Prerequisites: Data Structures and Algorithms, Computer Architecture and  C/Java Programming

Topics:

 
PART I: BASIC TECHNIQUES
Chapter 1. Parallel Computers
Chapter 2. Message Passing Computing
Chapter 3. Embarrasingly Parallel Computations
Chapter 4. Partitioning and Divide-and-Conquer Strategies
Chapter 5. Pipelined Computations
Chapter 6. Synchronous Computations
Chapter 7. Load Balancing and Termination Detection

Chapter 8. Programming with Shared Memory
Chapter 9. Distributed Shared Memory Systems and Programming

PART II  ALGORITHMS and APPLICATIONS
Chapter 10. Sorting Algorithms
Chapter 11. Numerical Algorithms
Chapter 12. Image Processing

Grading

• Assignments, 40% (+ 5/10)
• Mid-term Exam, 25% (+/- 5)
• Final Exam, 35% (+/- 5)

Homework #1 (due March 3^rd, 2009)

1. Describe Gustafson’s Law as related to maximum speedup and Amdahl’s law.

Specifically explain how Gustafson invalidates Amdahl’s limit.

2. Search top500 list of the supercomputers. Who is the current champion? Search for the properties of

IBM Sequoia supercomputer. How much will Sequoia be faster than current fastest supercomputer?

3. Try your linux lab accounts and play with (get accustomed to) MPI hello program.

Use startup document for MPI UBE_LAM_MPI.doc 

Note: dns'te makine isimleri örnek olarak linux02 "ubepc-40-102.ege.edu.tr" biçiminde kayıt edilmiş..

erişimde bu ismi kullanmak veya ip'lerini örn: 155.223.40.102 (101-108 arası)
gerekli. mkineler arasında erişim içinse...yani örnek olarak linux01'den

diğer makinelere sadece linuxXX (linux06 gb) biçiminde mümkün..

Homework #2 (due March 10^th, 2009)

1.  Write an MPI program to send a message around a ring of processors. That is,

Processor 0 sends it to processor 1, that sends to processor 2, and so on.

The last processor returns the message to processor 0. Provide sample output

which allows user to follow the message along its route. Use MPI_Wtime to measure

the execution time of your code for p = 4, 8, 16, 32.

2. Noting that the operation defined in the first problem is in fact a form of broadcast.

Write a second MPI program that broadcasts the same message as in first problem.

Measure the execution time and compare it to that of problem 1 then interpret the

Results.

3. Search Internet for free MPI analyzer/profilers. Give a brief (at most one page)

Report on your findings.

Homework #3 (due March 17^th, 2009)

1. Write an MPI program to distribute MPI source files to all machines in your

Lamhosts file and to compile them automatically. To be more specific your program

should take at least two arguments: a source file name and a distribution list.

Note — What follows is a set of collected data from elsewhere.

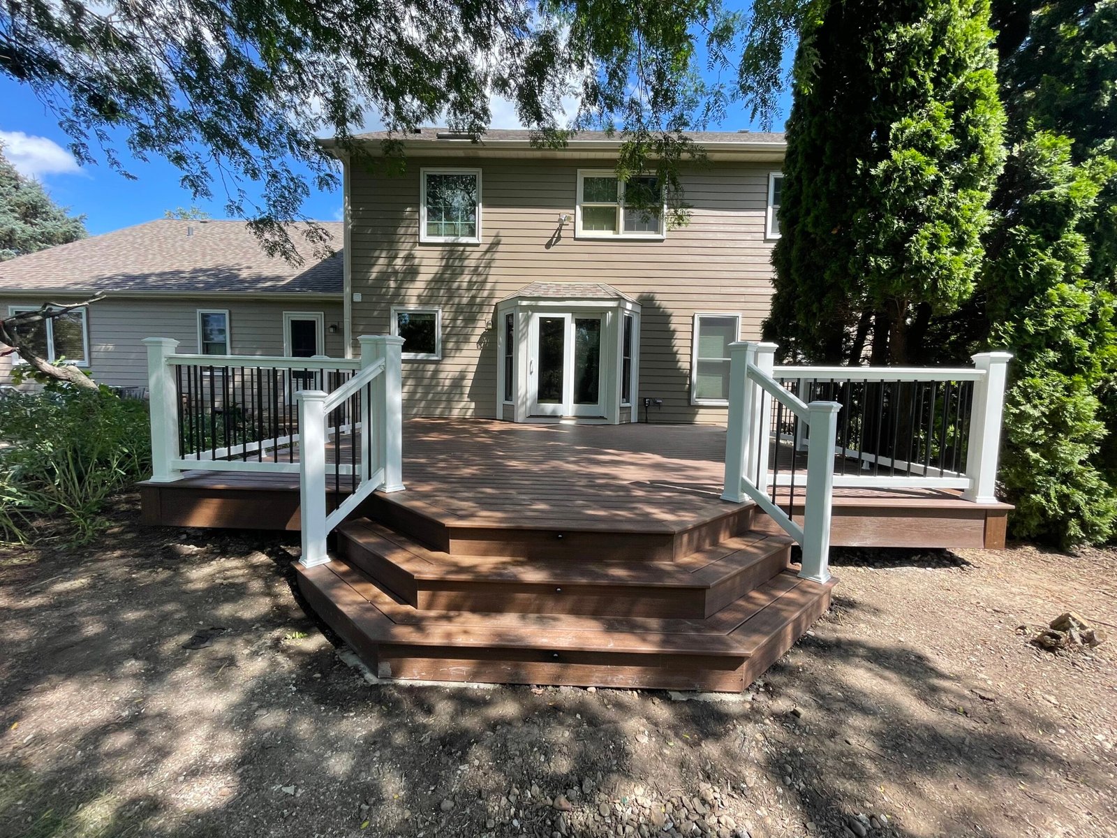 Trex Decking in Cinnamon Cove, paired with Trex Select T-Rail, in white with black aluminum balusters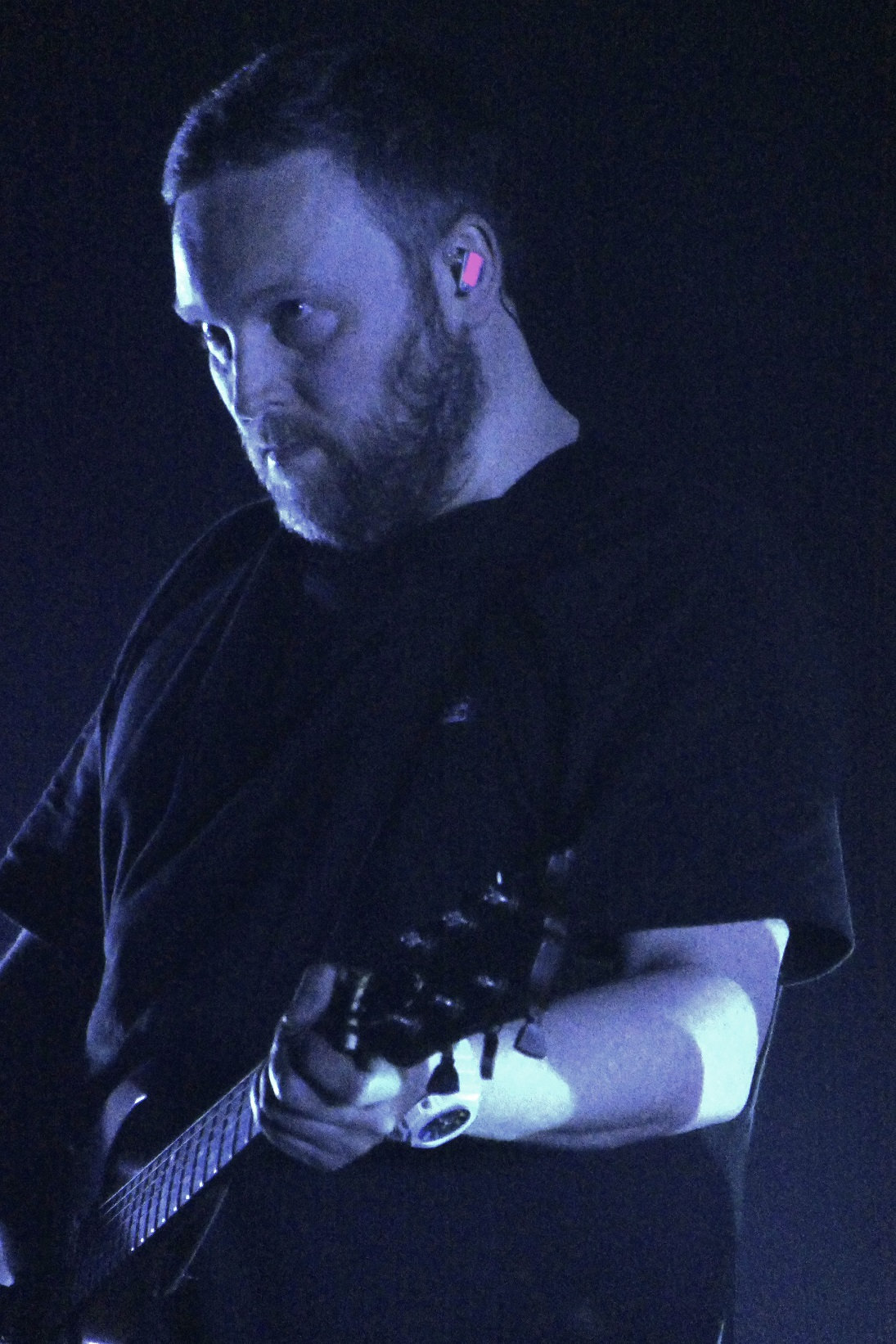 21h05 : La scène de Pleyel est très large pour des musiciens qui ne bougent pas beaucoup comme ceux de Mogwai, concentrés comme ils le sont sur la parfaite exécution de leur post-rock aussi précis que brûlant, et nous avons eu pas mal de chance en nous plaçant au hasard sur la droite, ce qui s’avérera juste devant Stuart Braithwaite, le « leader » (même si on imagine bien qu’il n’aimerait pas ce qualificatif…) du groupe. De plus, il joue assez près du bord de la scène, alors que les autres musiciens sont plus en recul, voire au fond de la scène lorsqu’ils s’assoient – comme le fera régulièrement Barry Burns – aux synthés. A noter aussi la présence, loin sur notre gauche, du jeune guitariste Alex Mackay, qui vient renforcer le quatuor sur scène, et est responsable de plusieurs passages très noise et spectaculaires.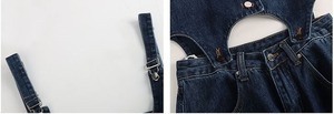 デニムオーバーオールのセットアップが登場!ウエスト部分にアクセントを施したフロントオープンタイプになっています。
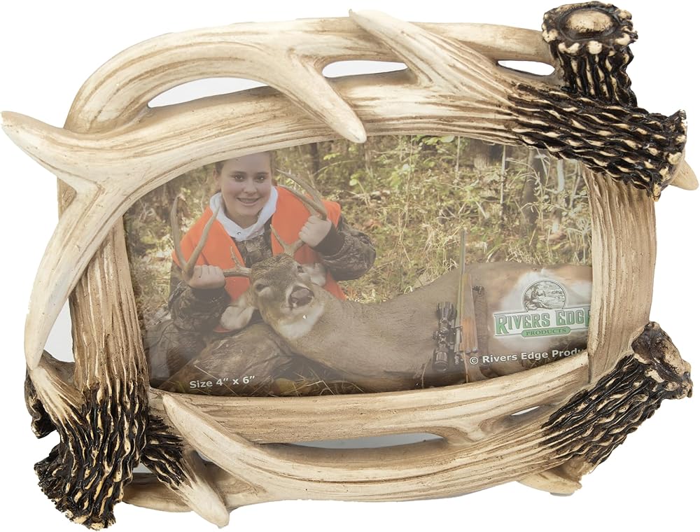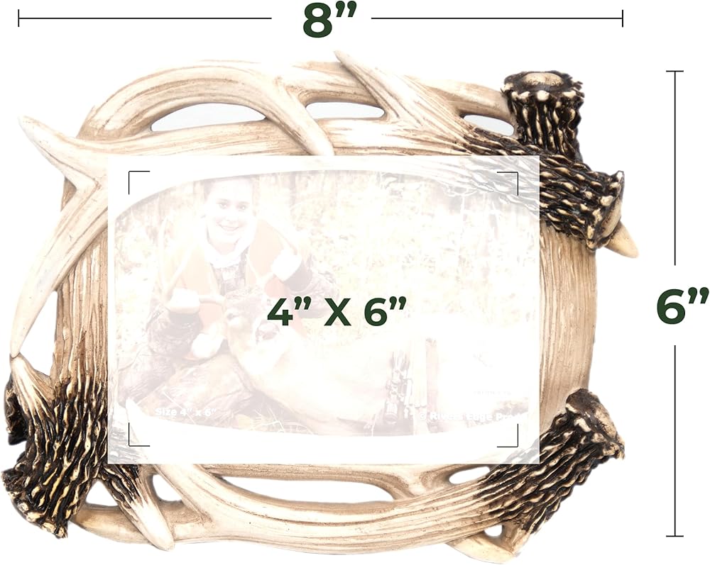 Detailed Design: The rustic 4 x 6 frame has a border constructed of poly resin antlers that accurately resemble real antlers around the edge of the frame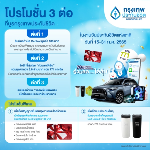 • ต่อที่ 3 : รับบัตรกำนัล / ของพรีเมียมพิเศษ เมื่อซื้อแบบประกันที่ร่วมรายการเฉพาะในงานเท่านั้น
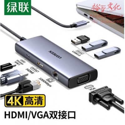 绿联15599 Type-C扩展坞 千兆网线转接口USB网卡拓展坞读卡器HDMI/VAG转C口 通用笔记本电脑扩展器SKU:yzwhyp959712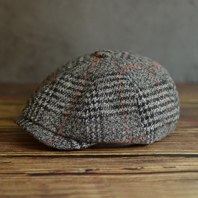 Men Newsboy Hats Thick Autumn Winter Vintage Herringbone Octagon Cap Casual knitted Berets Gatsby Flat Hat Color Matching Cap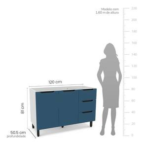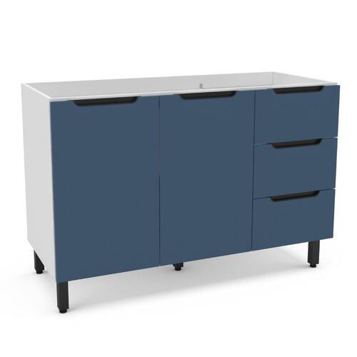 Características: Estrutura MDP 2 Portas 3 Gavetas 1 Prateleira Corrediças telescópicas Acabamento FF Pintura UV Gavetas suporta até 3kg Prateleira Suporta até 5kg distribuídos Não acompanha Tampo ou pia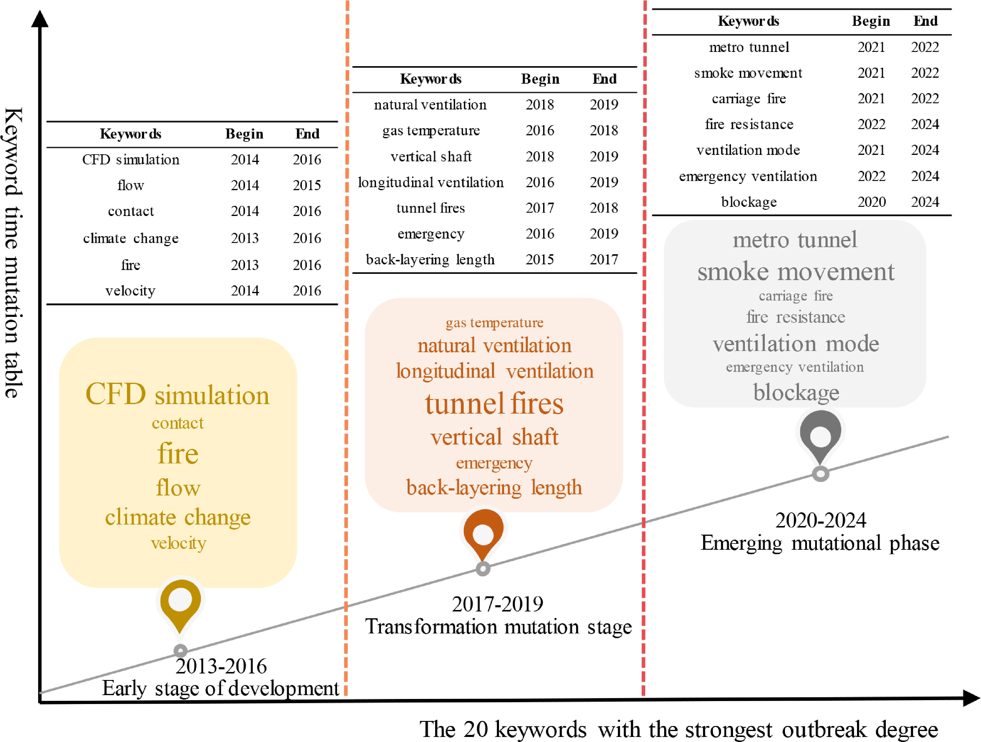 2020−2024 was an emerging mutation stage, which was more obvious, extending from 'natural ventilation' to 'blockage ventilation' and 'ventilation mode'. These two keywords were in an emerging mutation state. During this period, the emphasis switched to tackling problems including blocked ventilation and optimizing ventilation modes. Research on the utilization of emergency ventilation systems and their impact on smoke flow in tunnels grew significantly. In the field of subway fire safety, new research areas, including blocking ventilation and ventilation modes have become important subjects. This demonstrated the necessity for more precise simulations of smoke and thermal dynamics in complicated subway environments, as ventilation systems had grown more sophisticated. It also demonstrated an increasing recognition of the need to implement varied ventilation approaches to tackle the difficulties of smoke management in intricate subway settings.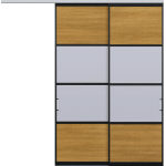 KMK20187B2S5 スクリーンパーティション 間仕切 片引き戸 C5 (2枚建_上吊り) 枠:DA 扉フレーム:K2 面材:S5×スモークグレークリアマット調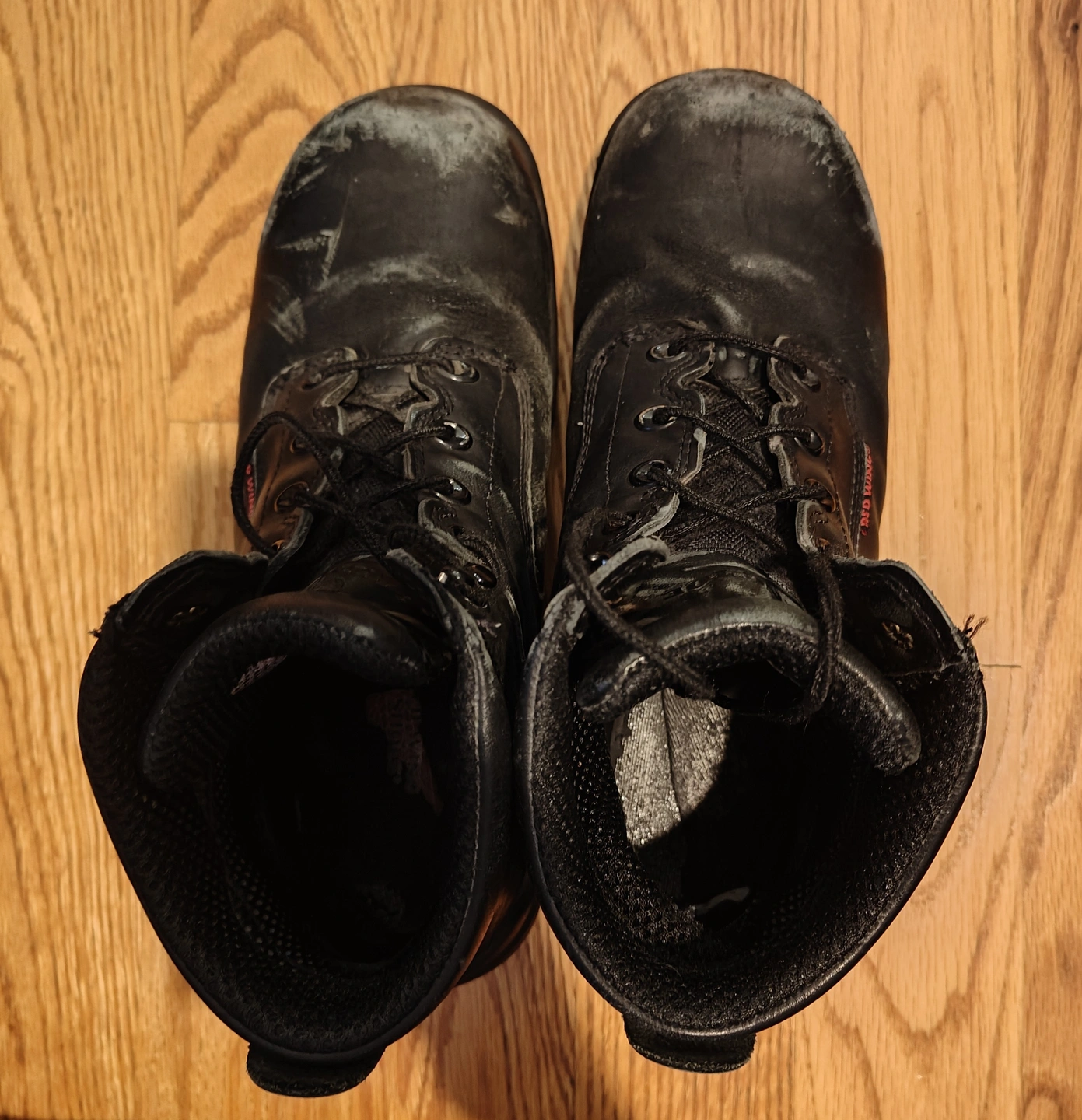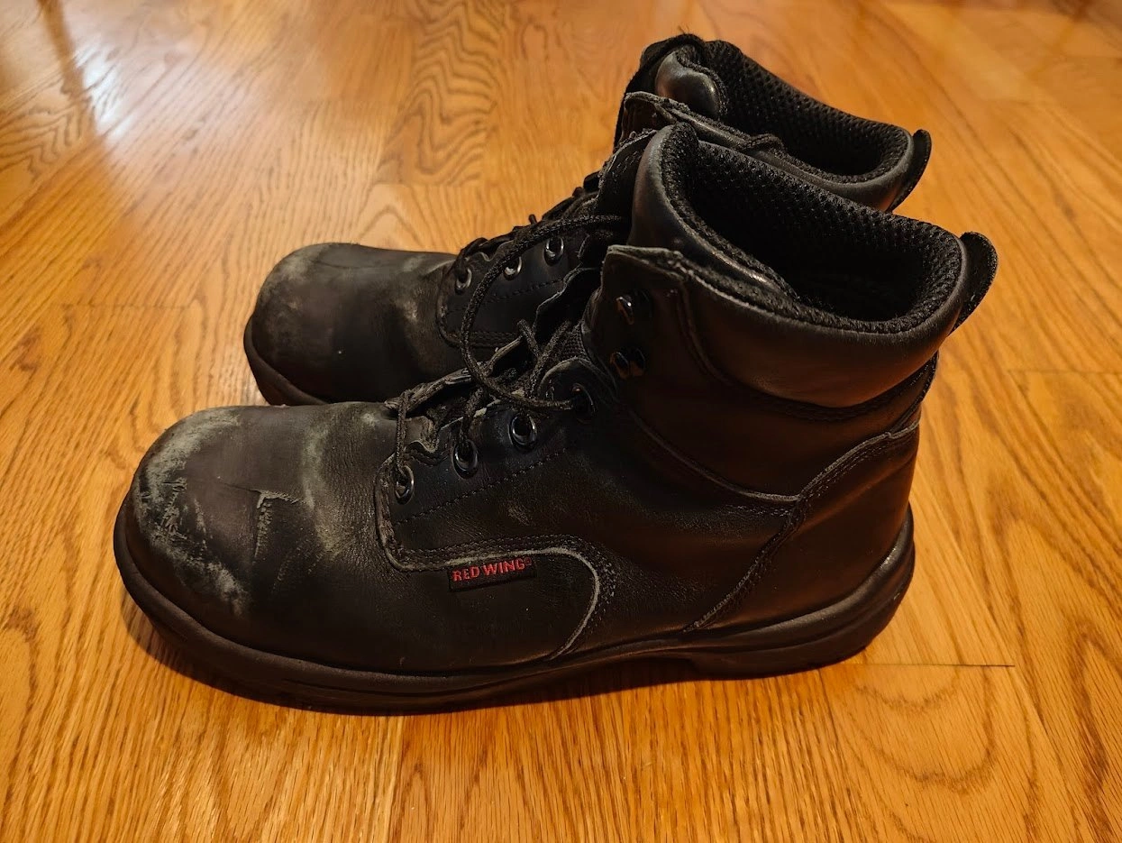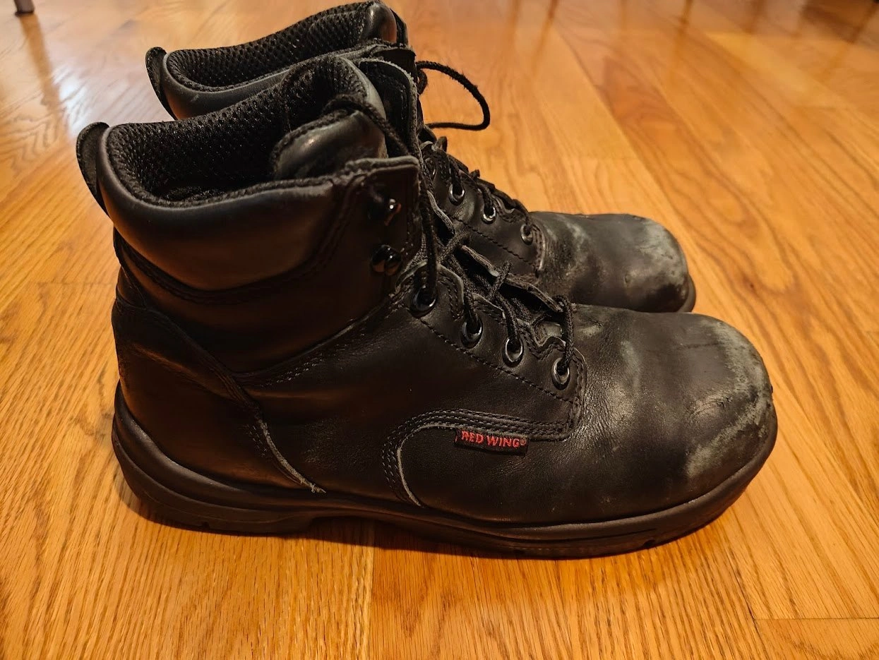 This is a pair of used high-quality composite-toe work boots with much cosmetic wear (see the photos); however, they are in good functional condition, very comfortable, lightweight, and waterproof. MEN'S SIZE US 10.5 UK 9.5 EUR 43.5 This safety-toe boot is an excellent combination of lightweight construction and a durable work boot. This boot is made with full-grain leather and has a non-metallic composite toe that meets or exceeds the ASTM safety standards. RW2234 Features: Full grain, water-resistant black Yukon leather Nylon-covered, polyurethane footbed Non-metallic shank Direct attach (sole is cemented to the boot, and molded) King toe (wider toe-box) Safety Rating: ASTM F2413-11, M, I/75, C/75, EH (Electrical Hazard-rated) The TPU-PU Galaxy sole is rated "Better" for slip resistance, "Best" for use with chemicals, oil/gas, "Best" against abrasions, good for handling heat, and is non-marking

Correction: When MPI nodes activated (e.g., lamboot) MPI assigns a node id to each

Machine. Thus, you can use these node ids instead of taking a distribution list as

an input parameter. In summary, you don’t actually need a distribution list parameter.

(Thanks Murat Kurt for pointing this out.)

Homework #4 (due March 24^th,2009 Sample Homework by Esra Ruzgar)

•         Write and execute an embarrassingly parallel program

–        First write and test non-MPI sequential program

–        Write an MPI version

–        Execute on one computer and on more than one computer

•         Need a host file

–        Time execution

•         Use MPI-Wtime() function

Homework #5 (due March 31^st, 2009)

Gravitational N-body simulation details

Homework #6 (due April 7^th,2009)

Compare experimentally a fully synchronous parallel MPI implementation

and a partially synchronous parallel MPI implementation of the

heat-distribution problem described in Section 6.3.2 of the textbook.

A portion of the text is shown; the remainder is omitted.